__ASSIGNED TASK__: Exact transcription, pictures omitted: begin at the top line of the records below and end with the line bearing "POURAKINO DOWNS JASPER".

__EXERCISE DATA__:
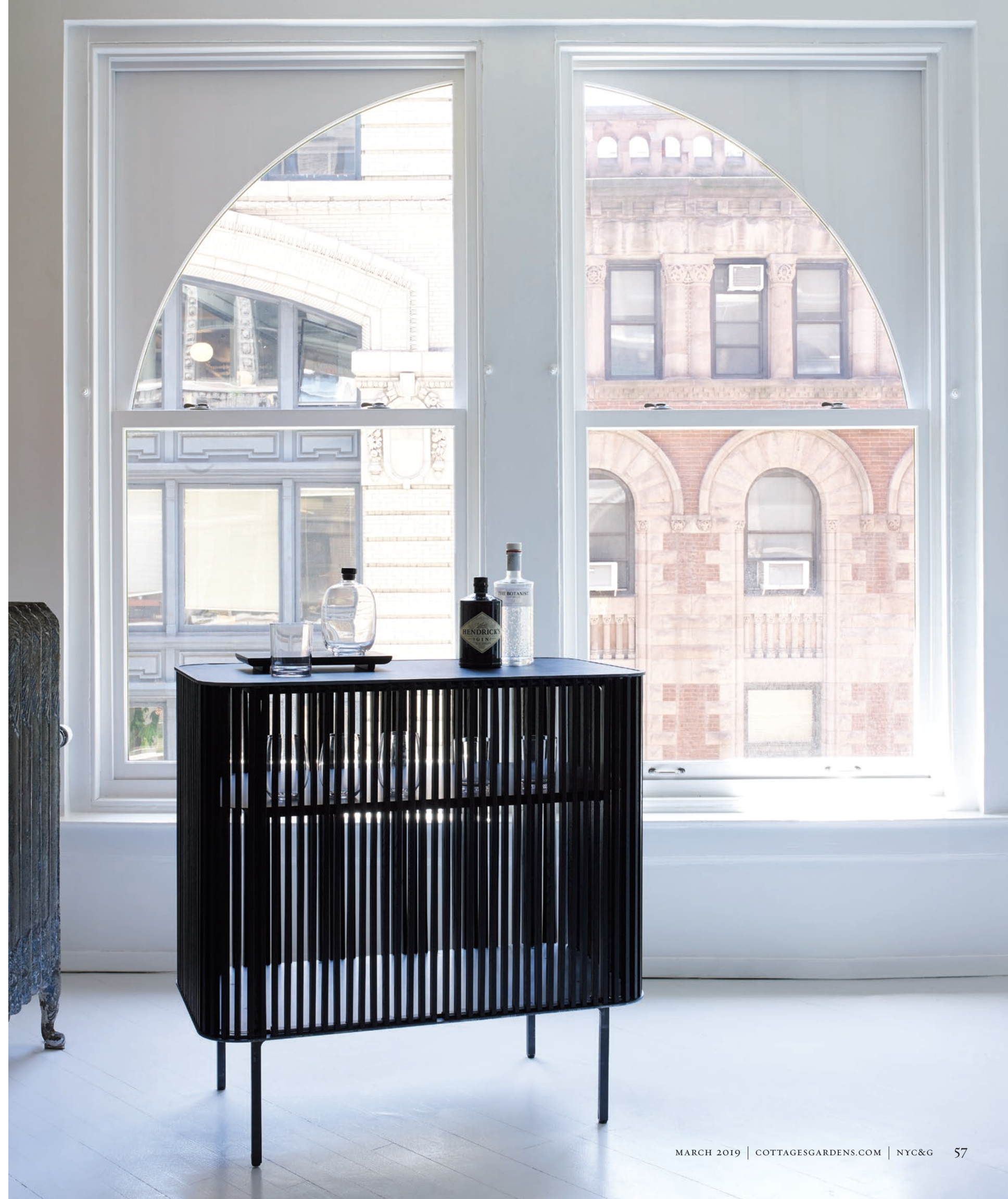
SPREAD), where a photograph by Cindy Sherman hangs above a Gallotti & Radice desk. The bar cart is by Klein Agency. See Resources.
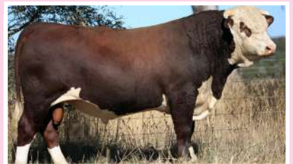
FULL BROTHER: Mawarra Hawkeye

POURAKINO DOWNS JASPER (IMP NZL) (H) MAWARRA DAYBREAK (AI) (ET) (H) MAWARRA DOREEN 225 (H)
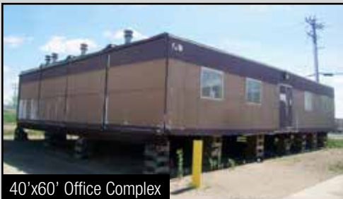
40'x60' Office Complex
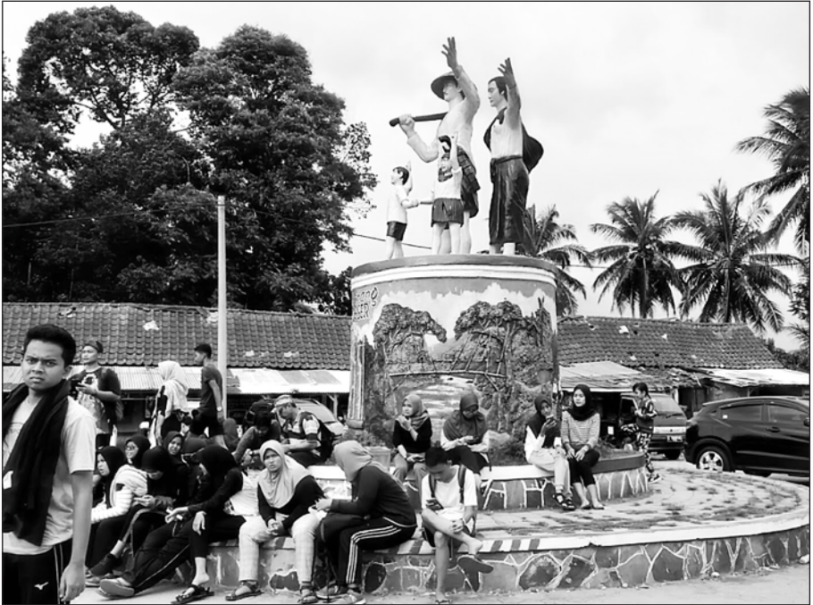
Photograph 3.10: A statue of a Baduy family welcoming visitors was erected in 1990.

__WRITTEN RESPONSE__:
SPREAD), where a photograph by Cindy Sherman hangs above a Gallotti & Radice desk. The bar cart is by Klein Agency. See Resources.
FULL BROTHER: Mawarra Hawkeye

POURAKINO DOWNS JASPER (IMP NZL) (H) MAWARRA DAYBREAK (AI) (ET) (H) MAWARRA DOREEN 225 (H)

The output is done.